どうしてかこう、アンナは変に気安く接してくるせいで、親しい相手だと錯覚しそうになってしまうのだ。助けてもらった事実と同時に、僕らをこの地底深くまで追い込んだ原因でもあるというのに。
「ふふ、冗談ですよ。仕方ない先輩のために、ひと肌脱いであげるとしましょうか」
ああもう、迂闊なことは言うもんじゃない。こうしてますます、アンナは僕たちの中に入ってきてしまう。

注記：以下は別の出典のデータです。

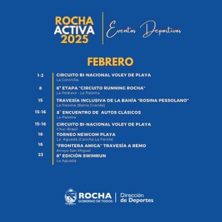 03-02-2025 En el marco de la 5ª Edición del Programa “Rocha Activa” compartimos calendario de eventos deportivos correspondientes al mes de febrero. La Dirección de Deportes continúa trabajando en el desarrollo, descentralización y democratización del deporte para el progreso de nuestro departamento. (...)

「どれどれ……なるほど、見事に悲嘆の狂気に飲まれていますねえ。これはなかなか骨が折れそうですが、まだ自我が消えているわけではなさそうですから、引き戻せると思いますよ」
アンナは、いまだにもがいて抵抗を続けているバンシーの様子をざっと眺めると、顎に指を当てて、ひとつ頷いた。
「……狂気に飲まれてるのは、『空白』の影響?」
ここまで来たら同じだと、半ば開き直って、ずっと確かめなければと思っていたことをアンナに訊ねる。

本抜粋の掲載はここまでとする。